In response to the mixed reviews, especially criticism towards the film's length, Maattrraan was edited down to a shorter runtime from its original two-hour-and-thirty-five-minute runtime. IANS reported that almost three minutes of the film's first half and over 20 minutes from the second half were trimmed. Anand, however, clarified that only 10 minutes overall were edited out.

=== Box office ===
Maattrraan collected ₹2.27 crore in Chennai alone in its opening weekend. The film stayed in the first position for three consecutive weeks in Chennai but was later overtaken by Pizza at the Chennai box office. The film is reported to have completed a 50-day run in a few theatres across Tamil Nadu.
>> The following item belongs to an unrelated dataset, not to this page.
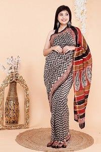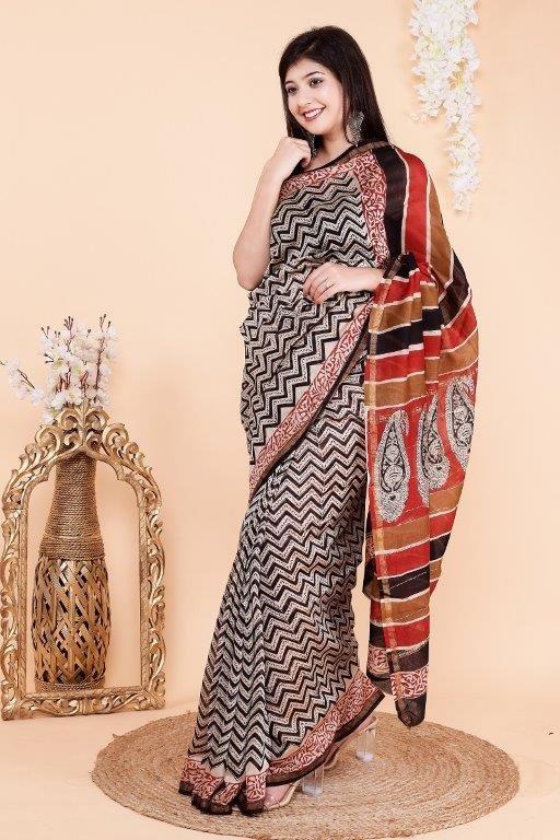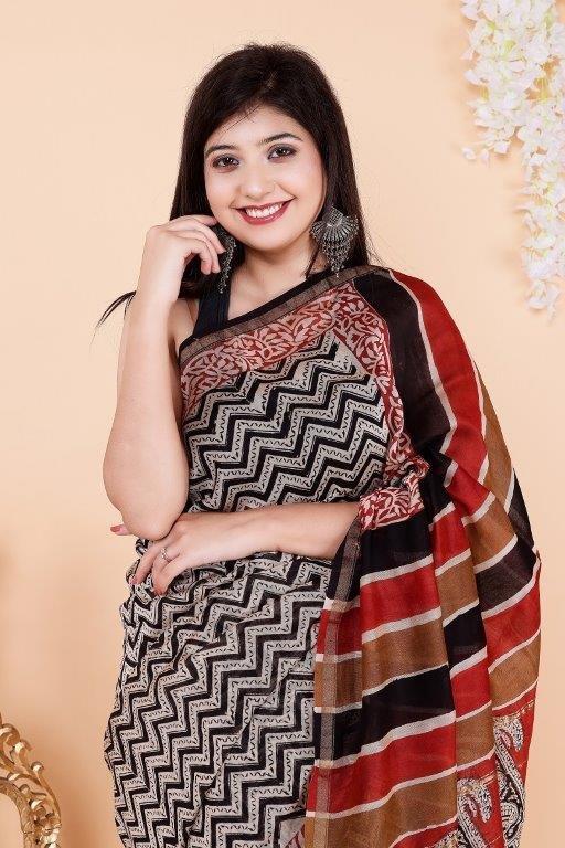 This striking black cotton saree features a bold zigzag print throughout the body, complemented by a vibrant multicolor pallu adorned with traditional motifs. The contrast between the monochrome base and rich, colorful pallu adds a touch of contemporary charm to a classic ethnic design. Made from soft cotton, it ensures comfort all day long—perfect for festive occasions, casual outings, and office wear.

Maattrraan collected ₹69.20 lakh in the UK and ₹86.11 lakh in the United States in the opening weekend. The film overall collected ₹1.08 crore, and ₹1 crore in UK and the US, respectively. The film also collected US$1,124,812 from Malaysia box office.

== Accolades ==

| Award | Category | Nominee | Result | Ref. |
| 7th Vijay Awards | Best Actor | Suriya | Nominated |  |
| Best Art Director | Rajeevan | Nominated |
| Best Stunt Director | Peter Hein | Nominated |
| Favorite Hero | Suriya | Nominated |
| 2nd South Indian International Movie Awards | Best Director | K. V. Anand | Nominated |  |
| Best Actor | Suriya | Nominated |
| Best Actor in a Negative Role | Sachin Khedekar | Nominated |
| Best Fight Choreographer | Peter Hein | Nominated |
| Best Dance Choreographer | Brinda – "Rettai Kathire" | Nominated |
| 10th BAF Awards | Special Jury Award for Best VFX |  |  |  |

== Plagiarism allegations ==
When Maattrraan was touted to be the first Indian film based on conjoined twins, it created a stir after two other films with the same concept – Chaarulatha and Iruvan, were announced later. It was reported to have shared the same storyline as Chaarulatha, but Anand denied the reports and said, "After reading such reports, I watched the original version (Charulatha was based on 2007 Thai movie Alone). There isn't any connection between the two movies, except for the fact that the protagonists are conjoined twins." Later reports claimed that the film was inspired by another conjoined twins-themed film Stuck on You (2003), with the posters of both films also being described as similar to each other. Suriya denied this and said, "I have been seeing comments and links on social networking sites saying that Maattrraan is based on some world movie. Only after seeing those links, I came to know that such a film even exists!"

== Legacy ==
Vivek and Cell Murugan pretend to be conjoined twins in Killadi (2015) inspired by Akhilan and Vimalan from the film. The song "Rettai Kathirae" is reused. An internet meme began trending on social media platforms in late May 2020, in which Suriya's films were coincided with real life incidents, that happened around the world. Here, Russia's ban in 2018 Winter Olympics, was predicted in the film.